Chen et al. (2024): 90% discriminator accuracy threshold for tree search to beat reranking. Deterministic constraint checkers hit 100%.

MCTS was built for games with perfect information. Chess and Go have deterministic reward signals. When the reward is noisy, the search can’t exploit it.

The Verification Asymmetry

The problems where MCTS helps share a structure: easy to verify, hard to solve.

A constraint satisfaction problem with 8 variables and 15 constraints is hard to solve. The LLM has to coordinate assignments across all variables simultaneously. Checking a proposed solution is trivial: evaluate each constraint, count violations.

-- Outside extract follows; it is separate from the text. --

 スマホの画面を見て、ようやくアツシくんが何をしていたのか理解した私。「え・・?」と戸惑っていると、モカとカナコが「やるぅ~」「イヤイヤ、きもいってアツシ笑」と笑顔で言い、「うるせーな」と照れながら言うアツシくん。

This is the asymmetry that makes NP problems interesting. Checking a certificate is polynomial. Finding one is (presumably) not. It’s why search works for code generation (run the tests) and proof checking (verify the steps) but not for open-ended essay writing (no verifier).

The same asymmetry shows up at other levels. Reverse-Process Synthetic Data Generation exploits it for training data: run the easy direction (differentiation) to get solved examples of the hard direction (integration). Science as Verifiable Search is the same observation about scientific method: science is search through hypothesis space, and the bottleneck is the cost of testing. Cheap verification enables fast iteration.

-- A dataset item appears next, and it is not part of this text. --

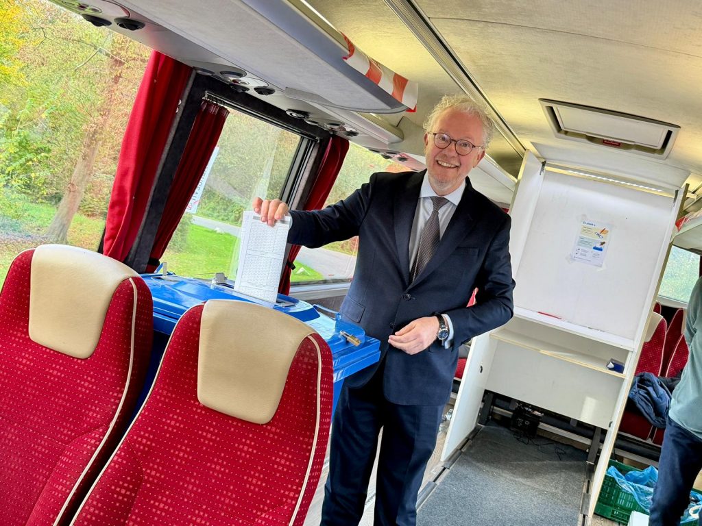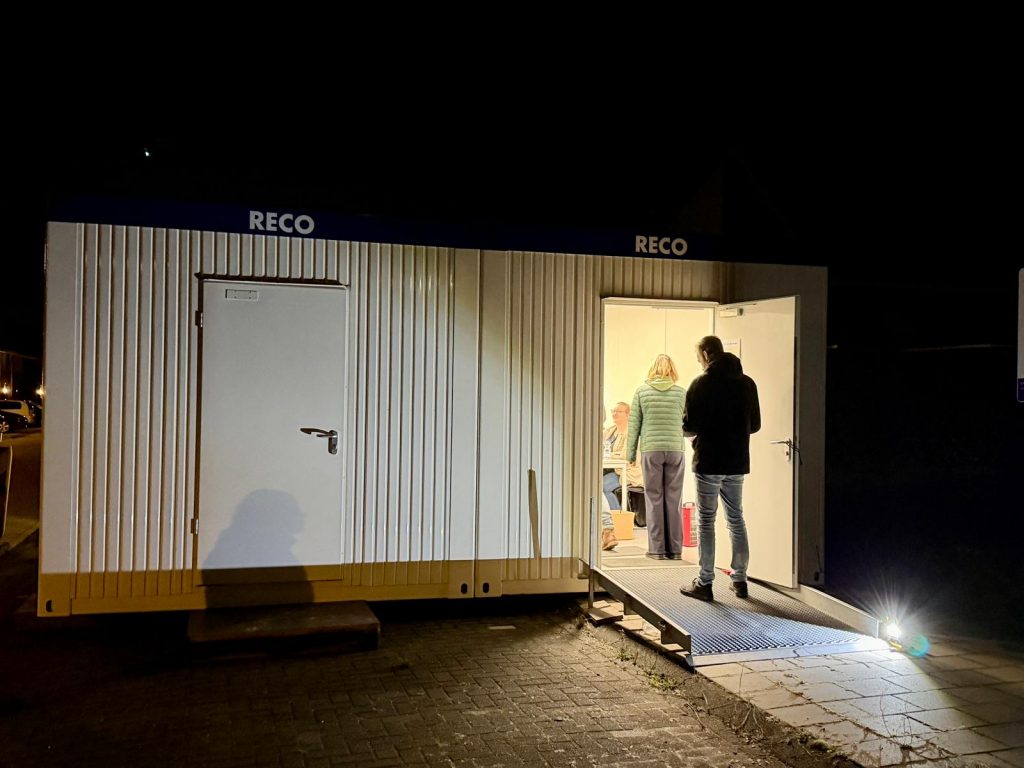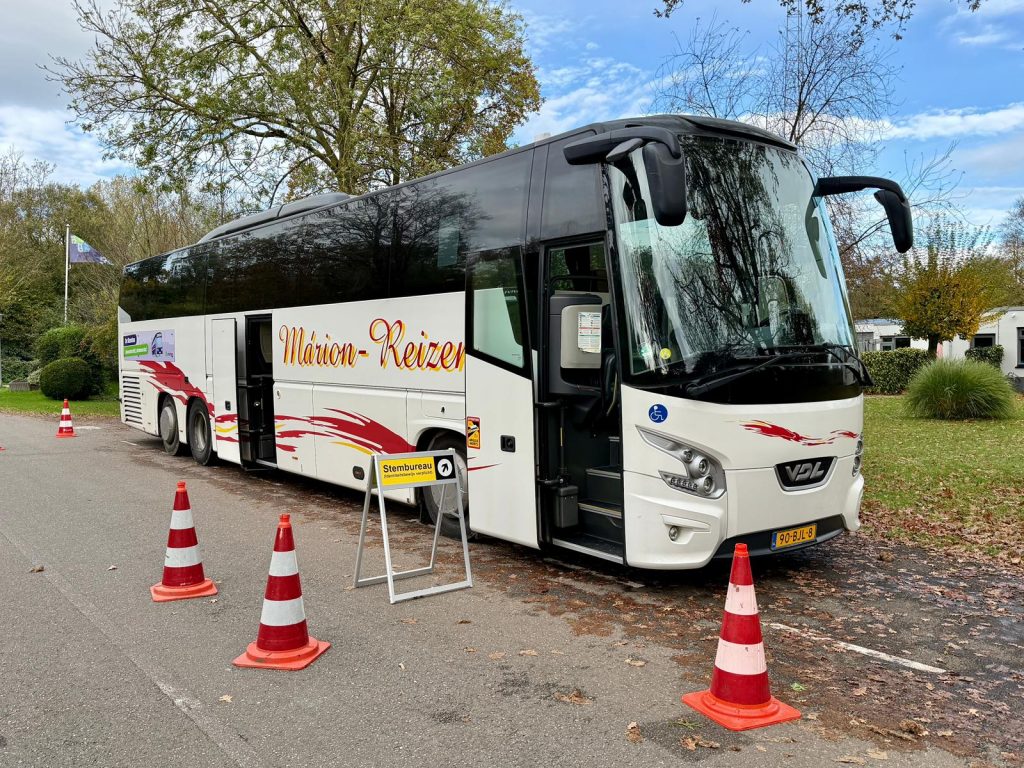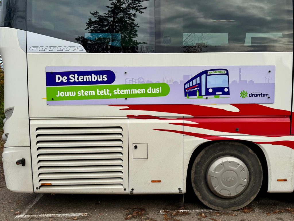 Oftewel een mobiel stembureau. Dit is ons nieuwste stembureau, hij is speciaal geplaatst op de nieuwbouwlocatie. Totaal hebben we 22 stembureaus.

At training time, verifiable rewards let you RL a model into producing better reasoning (DeepSeek-R1, GRPO). At inference time, verifiable rewards let you search over candidate solutions (MCTS, best-of-N). At the level of scientific discovery, verifiable predictions let you prune hypothesis space. Sutton’s “Reward is Enough” is the abstract version of this.

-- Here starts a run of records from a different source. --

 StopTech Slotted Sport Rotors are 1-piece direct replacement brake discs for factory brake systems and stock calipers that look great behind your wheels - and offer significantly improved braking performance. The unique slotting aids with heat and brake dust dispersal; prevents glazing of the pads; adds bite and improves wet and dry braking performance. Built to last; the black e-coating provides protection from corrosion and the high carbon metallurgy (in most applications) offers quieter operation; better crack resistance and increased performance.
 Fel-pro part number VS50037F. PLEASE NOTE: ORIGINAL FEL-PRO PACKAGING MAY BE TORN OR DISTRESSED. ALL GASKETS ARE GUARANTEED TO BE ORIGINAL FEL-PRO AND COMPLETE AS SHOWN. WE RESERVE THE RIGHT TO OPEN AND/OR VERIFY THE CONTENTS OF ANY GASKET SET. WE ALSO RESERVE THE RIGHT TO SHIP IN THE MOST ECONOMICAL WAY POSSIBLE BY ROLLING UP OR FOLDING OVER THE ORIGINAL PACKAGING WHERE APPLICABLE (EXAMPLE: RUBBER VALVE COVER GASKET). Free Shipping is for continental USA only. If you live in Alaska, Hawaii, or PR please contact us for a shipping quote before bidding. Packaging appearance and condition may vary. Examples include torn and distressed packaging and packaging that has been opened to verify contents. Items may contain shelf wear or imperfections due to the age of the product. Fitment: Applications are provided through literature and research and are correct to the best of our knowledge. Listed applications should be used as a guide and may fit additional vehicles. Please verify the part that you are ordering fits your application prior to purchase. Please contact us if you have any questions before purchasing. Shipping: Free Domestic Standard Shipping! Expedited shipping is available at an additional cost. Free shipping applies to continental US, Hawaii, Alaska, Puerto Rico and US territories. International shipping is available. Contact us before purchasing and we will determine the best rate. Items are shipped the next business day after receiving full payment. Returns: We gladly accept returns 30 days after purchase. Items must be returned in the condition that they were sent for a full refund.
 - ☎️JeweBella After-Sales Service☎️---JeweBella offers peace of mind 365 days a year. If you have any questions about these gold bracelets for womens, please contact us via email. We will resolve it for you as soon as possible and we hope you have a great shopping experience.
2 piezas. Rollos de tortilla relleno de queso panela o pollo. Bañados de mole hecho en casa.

The practical question for LLM reasoning: can you write a verifier? If yes, search is worth trying. If not, best-of-N with an LLM judge is probably the ceiling.

Code

Open source: mcts-reasoning.

pip install -e ".[anthropic]"
export ANTHROPIC_API_KEY=your-key
python experiments/run_csp.py --hard --budget 1.00

The provider tracks token usage and enforces budget caps.

Limitations

The problems are hand-crafted. A generator calibrated by Pass@1 rate would be more convincing. Ten problems shows the pattern but isn’t enough for statistical significance.

I tested one model. A weaker model might show MCTS advantage on simpler problems. A stronger one would need harder problems.

The MCTS exploration context shows which solutions scored well and poorly, but not which specific constraints were violated. Adding evaluator feedback to the exploration prompt is an obvious improvement I haven’t tried yet.

Summary

Three conditions for MCTS to help LLM reasoning:

1. A deterministic verifier. Not a learned reward model, not an LLM judge.
2. Partial credit from the verifier. A gradient, not just pass/fail.
3. A problem hard enough that blind sampling can’t reliably solve it.

When all three hold, MCTS outperforms best-of-N, self-consistency, and single-pass. When any one fails, it doesn’t.